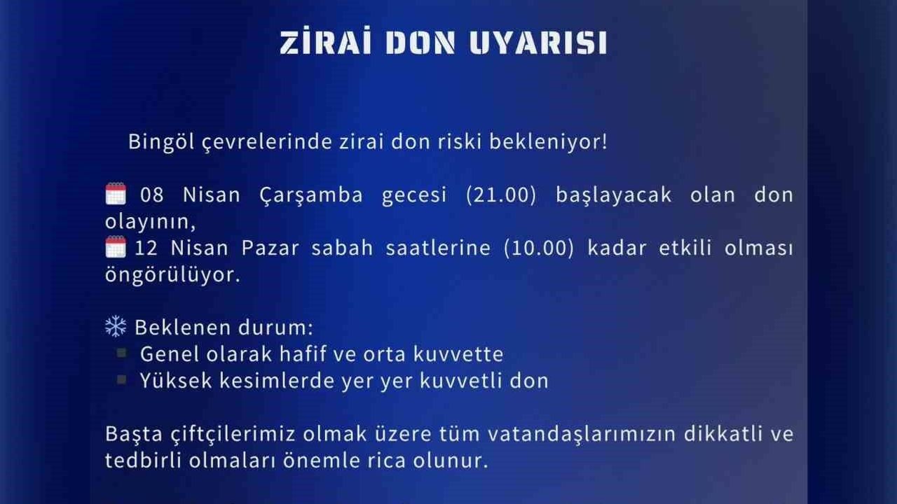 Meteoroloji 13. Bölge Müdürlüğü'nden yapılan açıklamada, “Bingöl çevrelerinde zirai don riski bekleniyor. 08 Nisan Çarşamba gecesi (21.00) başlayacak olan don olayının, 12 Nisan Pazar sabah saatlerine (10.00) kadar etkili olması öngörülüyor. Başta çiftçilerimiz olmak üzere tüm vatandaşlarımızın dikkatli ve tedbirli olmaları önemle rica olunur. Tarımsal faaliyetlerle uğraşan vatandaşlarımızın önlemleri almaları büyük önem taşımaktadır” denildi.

==

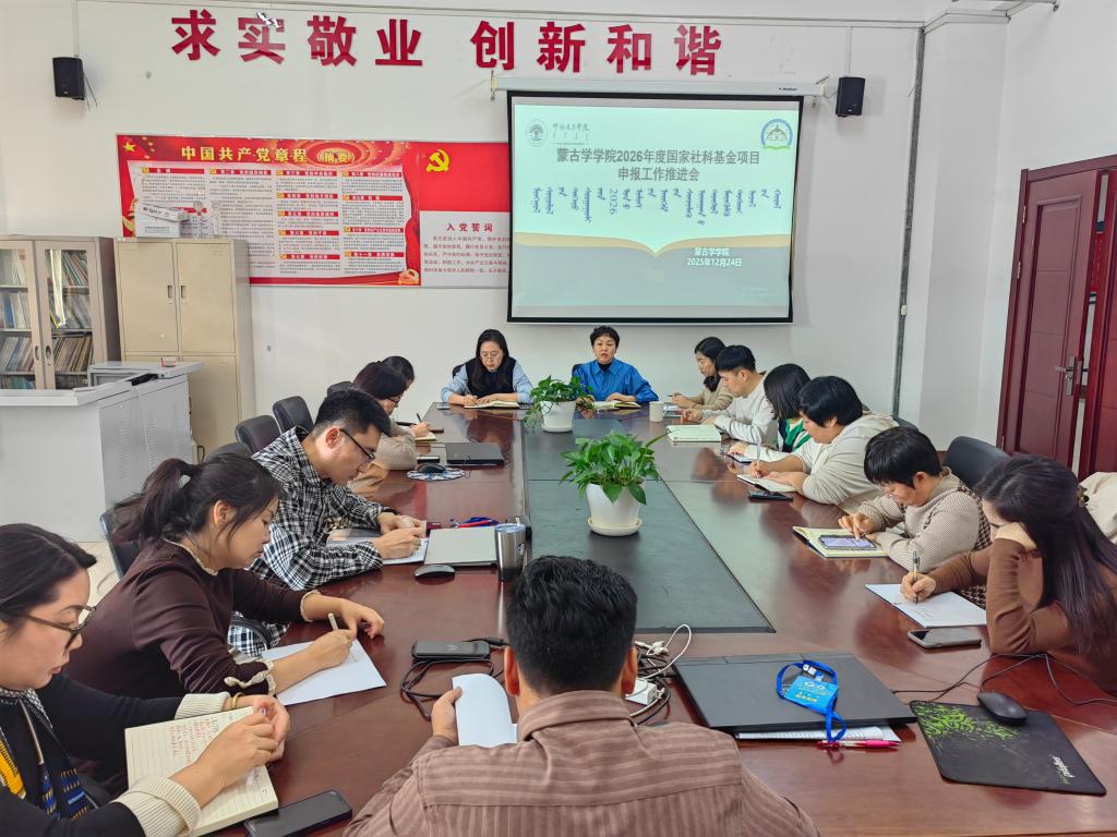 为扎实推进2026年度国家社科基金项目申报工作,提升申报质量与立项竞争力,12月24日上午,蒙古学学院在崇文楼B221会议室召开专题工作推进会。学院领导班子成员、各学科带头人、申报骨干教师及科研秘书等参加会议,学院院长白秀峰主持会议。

---

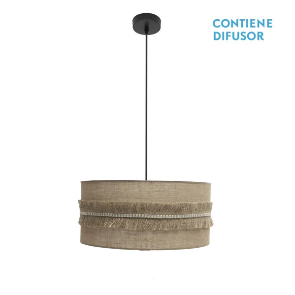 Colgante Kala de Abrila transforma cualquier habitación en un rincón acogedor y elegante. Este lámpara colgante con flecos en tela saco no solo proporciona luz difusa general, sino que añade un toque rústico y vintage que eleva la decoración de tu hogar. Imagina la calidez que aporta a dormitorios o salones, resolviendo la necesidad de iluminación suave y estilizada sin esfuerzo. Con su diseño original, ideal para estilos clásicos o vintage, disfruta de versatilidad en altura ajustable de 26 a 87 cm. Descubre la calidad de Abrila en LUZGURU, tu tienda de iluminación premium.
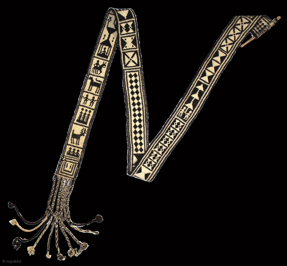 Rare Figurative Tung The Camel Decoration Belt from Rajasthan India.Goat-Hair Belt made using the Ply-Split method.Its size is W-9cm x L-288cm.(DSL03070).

What to produce: Please output, exactly as written, the lines above from the one holding "Colgante Kala de" through the one holding "Rare Figurative Tung", both included, with the pictures omitted.

Completed exercise:
 Colgante Kala de Abrila transforma cualquier habitación en un rincón acogedor y elegante. Este lámpara colgante con flecos en tela saco no solo proporciona luz difusa general, sino que añade un toque rústico y vintage que eleva la decoración de tu hogar. Imagina la calidez que aporta a dormitorios o salones, resolviendo la necesidad de iluminación suave y estilizada sin esfuerzo. Con su diseño original, ideal para estilos clásicos o vintage, disfruta de versatilidad en altura ajustable de 26 a 87 cm. Descubre la calidad de Abrila en LUZGURU, tu tienda de iluminación premium.
 Rare Figurative Tung The Camel Decoration Belt from Rajasthan India.Goat-Hair Belt made using the Ply-Split method.Its size is W-9cm x L-288cm.(DSL03070).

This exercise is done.